Older blog entries for aaronv (starting at number 1)

23 Sep 2000 (updated 23 Sep 2000 at 18:17 UTC) »
At an improbability of 2^3498 and falling...

Who knows how I ended up where I am, but it's great. School is great, work is great... Now I just need some more time for my comp sci hobby, god knows it's scarce ;)

classes have begun. School is great. I love it. I could go to school forever. Oh well, we all have to make a living ;). I'm taking:

  • ME 211 (statics for engineering majors) -- 3 units
  • EE 112 (introduction to analog circuit design) -- 2 units
  • MATH 242 (First order differential equations) -- 4 units
  • PHYS 133 (General physics, this focuses on dynamics) -- 4 units
  • PSYCH 202 (fluff psychology class, gets me a few units) -- 3 units

All around, my classes are fun. I love math and physics, and my major. I can't decide on a direction for grad school yet (whether it be a study of biology and interfacing biological/electrical systems, physics and CSC for quantum computing, or any number of other fields that fascinate me) but I do know that I want it to have something to do with computer science.

So what do you think? I'd like to hear from people in hybrid fields. I really think that's the only way I could go; I don't want to be just a 'computer engineer' or a 'computer scientist' or an 'electrical engineer'. I also want to be an academic the rest of my life, but I need to work on my study habits if that's ever going to happen ;)

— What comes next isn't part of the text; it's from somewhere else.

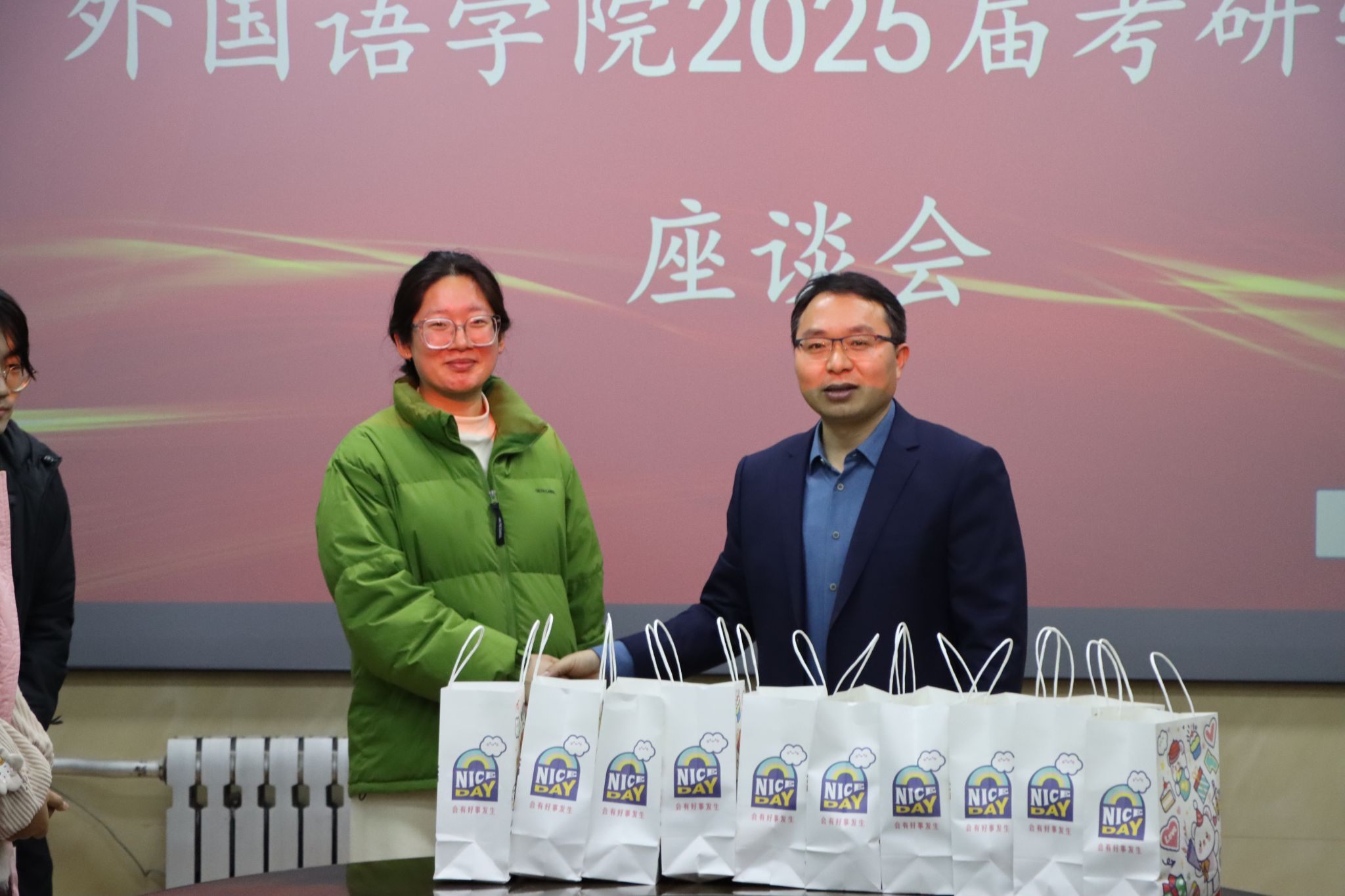 为缓解考研学子考研压力,增加备考信心,助力学子们以更饱满的精神状态迎接挑战,12月8日,外国语学院开展了考研学子慰问活动,为即将踏上考研征途的学子送上最真挚的关怀与祝福。学院院长宋庆伟、党委副书记、副院长郭英,副院长王勇、毕业生辅导员和2025届考研学生代表参加了此次活动。

Anyway, at work I've been reading every article that comes through about CFD and other types of physical modeling for error-bounded simulations. Some of them from mike warren himself, a guy who my boss is collaborating with on this project of ours. All of my classes (except PSY) apply perfectly. I've been playing with a little point charge/mass simulation code myself...

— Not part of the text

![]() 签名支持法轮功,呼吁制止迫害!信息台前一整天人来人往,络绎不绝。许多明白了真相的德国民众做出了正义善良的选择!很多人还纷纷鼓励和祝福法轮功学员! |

And all I can say is.... MPI is amazingly elegant! Props to the standards committee.

Stairway to heaven

It's quite ironic. I spent much of my time last year playing with Berlin, preaching the coming of the GUI developers' messiah.... Skipping classes to catch up on my Debian E-Mail... Generally being a groupie. A newbie groupie at that. I can't honestly say that I ever truly made a significant contribution to either project, but both combined have helped me become what I am today: a unixhead in the software industry.

I and a friend of mine, Dave, always share any kind of pure-science-related knowledge we happen upon; both of us love anything from any field (math, chem, physics, comp sci) that stimulates thinking. You would often find I and Dave in the study lounge at 4 AM the morning before a big test, sitting behind our books as though to study, but rambling on about various algorithms, new emerging fields of science, physical phenomena, philosophy, you name it..

Well, Dave turned out to be interested in computer science (he's a physics major; funny, I'm a compE major interested in physics) so I began preaching the savior-of-the-world, CORBA, to him, and drew him some ugly flowcharts of what happens inside Berlin, to the best of my knowledge at the time (considering I have never really taken enough time to grok any of graydon's/stefan's code to my own satisfaction). The idea sounds really great, especially on paper...

Well, he hit me with a hard question. I had a difficult time explaining CORBA (the telltale of deficient understanding), so I fell back on how Berlin eliminates dependencies on various widget APIs with a stub library... That he was contented with. Then I proceeded to explain common paradigms (pixel-oriented displays) vs fresco-style vector graphics. After this I showed him a cool demonstration of the first DR of Berlin's second incarnation: three buttons that, however you transform them, just magically intercept events.

His question was: why? Doesn't X do translations relatively well? Who cares if you can zoom/rotate/skew an application's image, embed one within another, et al if the cycle cost is so high? I couldn't think of an answer at the time; that's when I decided I was being a groupie.

I've since figured things out a little better.

Since first quarter, I've been relatively inactive on lists, and even more inactive in the goings-on; either get involved or stop wasting time, I told myself. Dave and I kept discussing anything and everything when we should have been studying (He still got A's; it was never quite so easy for me). Quantum computing, physical simulations, et al.

[time warp] a few weeks before the end of the school year, a professor of mine contacted me with a job offer. I'm working for him now, being paid to administer servers, construct a cluster (just one for now, this is a startup; more later), learn MPI and study just about any new scalable parallel application. I love this field, and what's even better we're going to be doing lots of algorithm research in the field of physics. Dave is signing on to help (as a new brain to pick at), and I believe that much of our code will be open.

For anyone who has read this far, what I'm trying to do is convey both my thanks and my apology. My thanks for putting up with me and infusing me with interest in these fields, answering my questions when I had them. My apologies for leeching, scantly returning the favor. You will hear from me on some kind of basis in both debian and Berlin, but I am not sure of my future participation; everything depends on time.